Thank you for the detailed report. Unfortunately it is nontrivial to
replicate your test setup so I took a look at the nbd source code.

It seems likely to me that the root cause is in nbd. The root cause 
could e.g. be in the signal handling code. If
nbd_queue_rq() is run asynchronously it is run on the context of a
kernel worker thread then it does not receive signals from the process
that submits I/O. If nbd_queue_rq() is run synchronously then it may
receive signals from the process that submits I/O. I think that I have
found a bug in the nbd signal handling code. See also
https://lore.kernel.org/linux-block/20240510202313.25209-1-bvanassche@acm.org/T/#t

Bart.
Bart Van Assche May 13, 2024, 1:20 p.m. UTC | #3
On 5/12/24 18:59, Vincent Chen wrote:
> Thank you very much for providing the fixed patches. I applied them to 
> my environment, but unfortunately, I still encountered similar issues.
> 
> [   96.784384] block nbd0: Double reply on req 00000000619eb9fb, 
> cmd_cookie 51, handle cookie 49
> [   96.847731] block nbd0: Dead connection, failed to find a fallback
> [   96.848661] block nbd0: shutting down sockets

Hi Vincent,

Thank you for having tested my patches. I will try to reproduce your
test environment and take a closer look as soon as I have the time
(probably early next week).

Bart.
Bart Van Assche May 20, 2024, 9:49 p.m. UTC | #4
On 5/12/24 18:59, Vincent Chen wrote:
> Thank you very much for providing the fixed patches. I applied them to my environment, but unfortunately, I still encountered similar issues.
> 
> [   96.784384] block nbd0: Double reply on req 00000000619eb9fb, cmd_cookie 51, handle cookie 49
> [   96.847731] block nbd0: Dead connection, failed to find a fallback
> [   96.848661] block nbd0: shutting down sockets

Hi Vincent,

That's unfortunate. Since the provided qemu command did not work on my setup,
I have tried to reproduce this issue as follows (in a VM):

modprobe brd
nbd-server 1234 /dev/ram0
nbd-client localhost 1234 /dev/nbd0
mkfs.ext4 /dev/nbd0
mount /dev/nbd0 /mnt
cd /mnt
stress-ng --seq 0 -t 60 --pathological --verbose --times --tz --metrics --hdd 4

I ran the above stress-ng command several times and every time I run that command
it succeeds. I'm not sure how to proceed since I cannot reproduce the reported
issue.

Thanks,

Bart.
Leon Schuermann Oct. 14, 2024, 2:07 p.m. UTC | #5
Vincent Chen <vincent.chen@sifive.com> writes:
> I occasionally encountered this NBD error on the Linux 6.9.0-rc7
> (commit hash: dd5a440a31fae) arm64 kernel when I executed the
> stress-ng HDD test on NBD.
>
> [...]
>
> [  196.497492] block nbd0: Unexpected reply (15) 000000009c07859b
> [  196.539765] block nbd0: Dead connection, failed to find a fallback
> [  196.540442] block nbd0: shutting down sockets

Unfortunately, I can confirm this and the other "Double reply on req"
bugs and pretty reliably reproduce them among a variety of different
configurations and devices, such as

- an AMD64 VM running a vanilla 6.12-rc3+1 6485cf5ea253 ("Merge tag
  'hid-for-linus-2024101301'") with the Fedora 40 kernel config,

- and a Raspberry Pi running its vendor kernel (6.6.51+rpt-rpi-2712 #1
  SMP PREEMPT Debian 1:6.6.51-1+rpt3 (2024-10-08) aarch64).

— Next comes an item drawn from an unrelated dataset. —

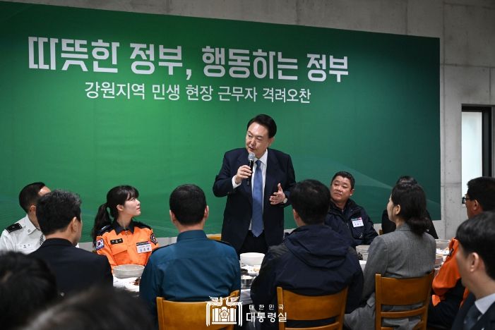 [제주교통복지신문 김강석 기자] 윤석열 대통령은 1월 19일 오후 강원특별자치도 강릉시를 찾아 경찰·소방·사회복지 공무원 및 환경관리원 등 현장 근무자 40여 명과 오찬을 함께했다.

I'm testing these NBD clients against both the nbd-server package
(3.26.1) and QEMU's qemu-nbd (v8.2.2).

Key to reproducing this issue seems to be high CPU load caused by the
NBD / filesystem / networking stack (so, running on a high-bandwidth
connection with a server that can keep up), as well as an SMP system (I
am testing with 4 cores on both AMD64 and aarch64 platforms).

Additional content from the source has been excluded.